Leke James

Personal information
- Full name: Leke Samson James
- Date of birth: 1 November 1992 (age 33)
- Place of birth: Kaduna, Nigeria
- Height: 1.88 m (6 ft 2 in)
- Position: Forward

Senior career*
- Years: Team / Apps / (Gls)
- 2009–2011: Bridge Boys / 45 / (39)
- 2012–2015: Aalesund / 90 / (37)
- 2016–2017: Beijing Enterprises Group / 26 / (13)
- 2018–2020: Molde / 59 / (33)
- 2021: Al Qadsiah / 10 / (2)
- 2021–2023: Sivasspor / 26 / (5)
- Total:  / 256 / (129)

= Leke James =

Nigerian footballer

Leke Samson James (born 1 November 1992) is a Nigerian professional footballer who plays as a forward.

==Club career==
===Early career===
He started out his career in his native homeland playing for Bridge Boys.

===Aalesund===
He transferred to Aalesund on 6 January 2012.

An injury obtained during pre-season hindered his path into the first team and he did not get back into full training until the start of July.

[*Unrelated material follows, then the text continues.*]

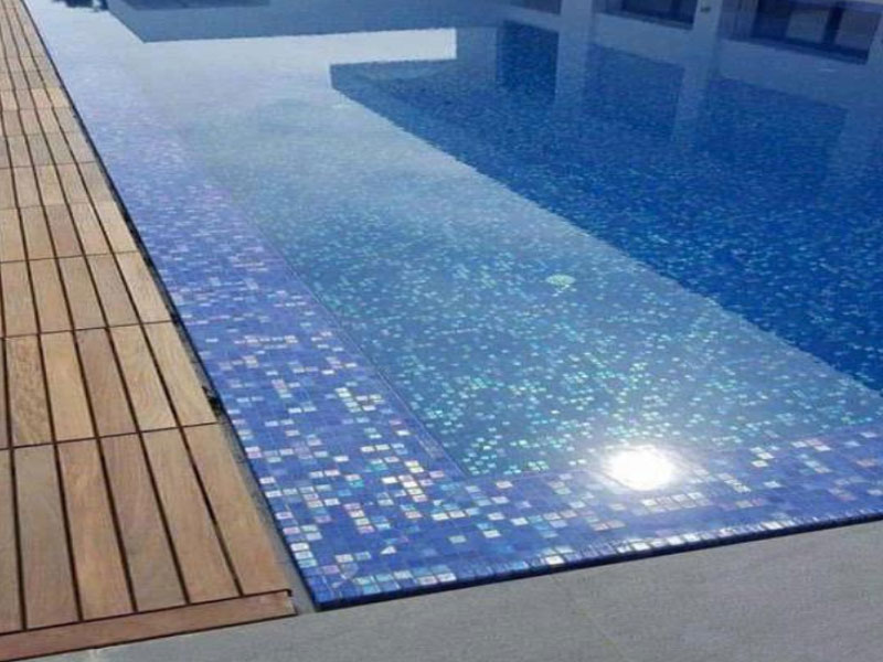 Gạch Mosaic thủy tinh được làm từ các mảnh thủy tinh ghép lại có khả năng chống ẩm, chống thấm nước cao, phù hợp cho các môi trường hồ bơi, phòng tắm. Gạch với nhiều gam màu được làm từ chất liệu thủy tinh khi được ốp lát hồ bơi có khả năng phản quang đẹp mắt.

On 26 July 2012 he made his first appearance for Aalesund coming on as a substitute at the start of the second half of the game versus Tirana in Europe League scoring twice in Aalesund's 5–0 win. On 29 July 2012 he made his debut in Tippeligaen and also started his first match, against Stabæk.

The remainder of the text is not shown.